A la lumière, sa juvénilité est encore plus évidente. Les traits de son visage et de son corps ont la douceur, la rondeur et la maladresse attendrissante de tous les bébés animaux. Je regarde ses pattes de devant : on dirait celles d’une souris ou d’un raton laveur, avec des doigts souples et déliés, pourvus de longues griffes. Je défais la sangle qui l’entoure, sans qu’il fasse un geste pour m’égratigner ou me mordre. Il se contente de me tourner le dos et de se rouler en boule, ramène sa queue en toupet entre ses cuisses et replie ses membres antérieurs sur sa poitrine. Sa crinière noire emmêlée tombe sur son museau et il laisse échapper un soupir plaintif, tel un chien sombrant dans le sommeil.
Debout à côté du lit, je regarde le petit troll et je renifle son odeur puissante, mais pas désagréable : comme des baies de genièvre écrasées, avec un soupçon d’autre chose — du musc, du patchouli ? Il n’a toujours pas bougé. Ses flancs osseux se soulèvent au rythme rapide de sa respiration.
Je prends doucement le plaid en mohair du canapé, j’hésite un instant au pied du lit, puis j’en recouvre le troll. Sa patte de derrière se détend comme par réflexe, avec la violence et la rapidité de l’éclair, et je prends la couverture en pleine figure. Je me dégage à tâtons, le cœur battant, m’attendant à ce que l’animal affolé se jette sur moi, tous crocs et griffes dehors. Mais non. Le troll est toujours couché en chien de fusil et respire calmement.
D’un coup, je me rends compte que j’ai ouvert ma chambre à une bête sauvage.
J’ai la tête et la nuque endolories. J’ai dormi sur le canapé. Il est si affreusement tôt qu’il fait encore nuit. Et sur le lit il n’y a rien. Ce n’était donc que cela : des fantasmes s’évanouissant avec l’aube.
Mais il y a le plaid froissé au pied du lit. Et, dans la salle de bains, un tout, tout petit bruit.
Je me lève et, à la lumière des réverbères qui filtre par la fenêtre, je me dirige sur la pointe des pieds, aussi doucement que possible, vers la porte ouverte. Dans la pénombre, je vois un petit arrière-train noir et osseux, deux pattes, une queue en pinceau qui tressaute, et je comprends. Il boit dans la cuvette des toilettes. Je respire sa forte et piquante odeur de genévrier. Puis je vois la flaque jaune sur le carrelage vert menthe. Bien sûr.

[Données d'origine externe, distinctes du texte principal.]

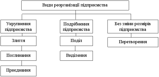 [14, с.294]: 1. Реорганізація, спрямована на укрупнення підприємства (злиття, приєднання, поглинання). 2. Реорганізація, спрямована на подрібнення підприємства ( поділ, виокремлення). 3. Реорганізація без зміни розмірів підприємства (перетворення).
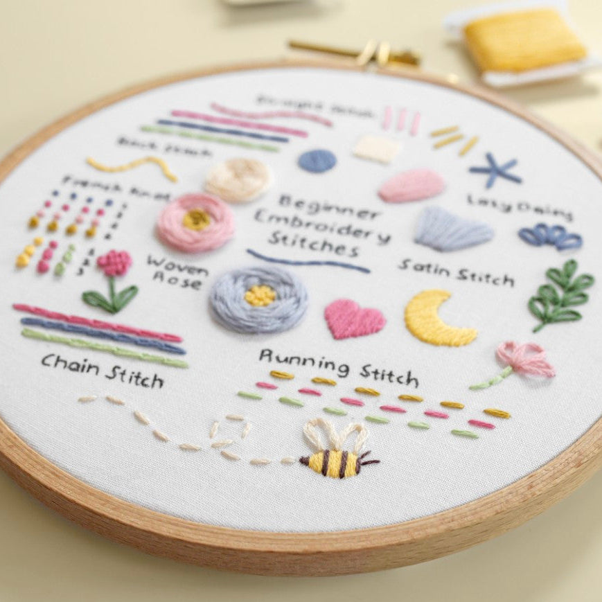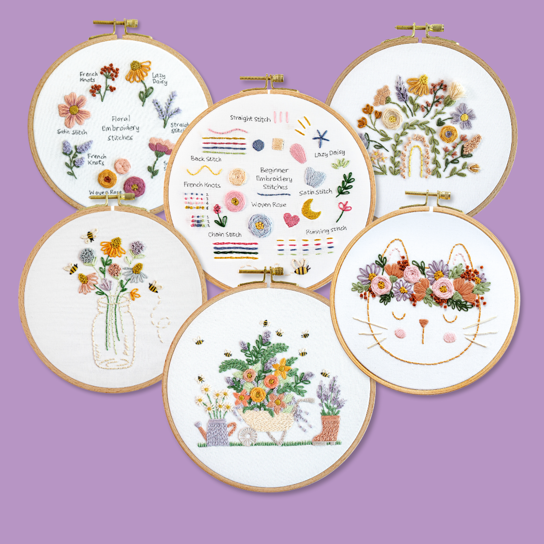 - Four beginner embroidery kits with all the supplies you need to get started with learning embroidery

Il a fini de laper et senti ma présence, son buste se redresse si vite que le regard parvient à peine à suivre son mouvement. Des gouttelettes coulent de son menton. Je tente de me persuader que l’eau est parfaitement propre et potable, et j’essaie de me rappeler quand j’ai passé pour la dernière fois la brosse et le canard-wc.
Les prunelles du troll sont toujours aussi vitreuses, il n’a pas l’air bien portant, et son pelage noir d’encre est tristement terne. Je m’écarte de la porte de la salle de bains et il se faufile dans le séjour, comme le fait tout animal qui n’a pas d’autre échappatoire : l’air dégagé, mais en vitesse et tous les sens en éveil. Il se déplace sur deux pattes, d’une démarche souple et douce, différente de la nôtre : un peu penché en avant, les membres antérieurs tendus, légèrement écartés du corps, sur la pointe des orteils, dansant, si dansant ! Je le suis et je le vois bondir sans effort sur mon lit, tel un chat, comme si la pesanteur n’existait pas, se pelotonner en rond et se rendormir.
Je vais chercher un bol dans la cuisine, j’y fais couler de l’eau et je le pose à côté du lit. Puis je m’occupe de passer la serpillière dans la salle de bains, malgré la douleur qui me tenaille le crâne.
Que diable mangent les trolls ?
Je vais dans mon bureau. Je laisse la porte ouverte et je réveille l’ordinateur, je lance le navigateur et je tape le mot TROLL dans la fenêtre du moteur de recherche.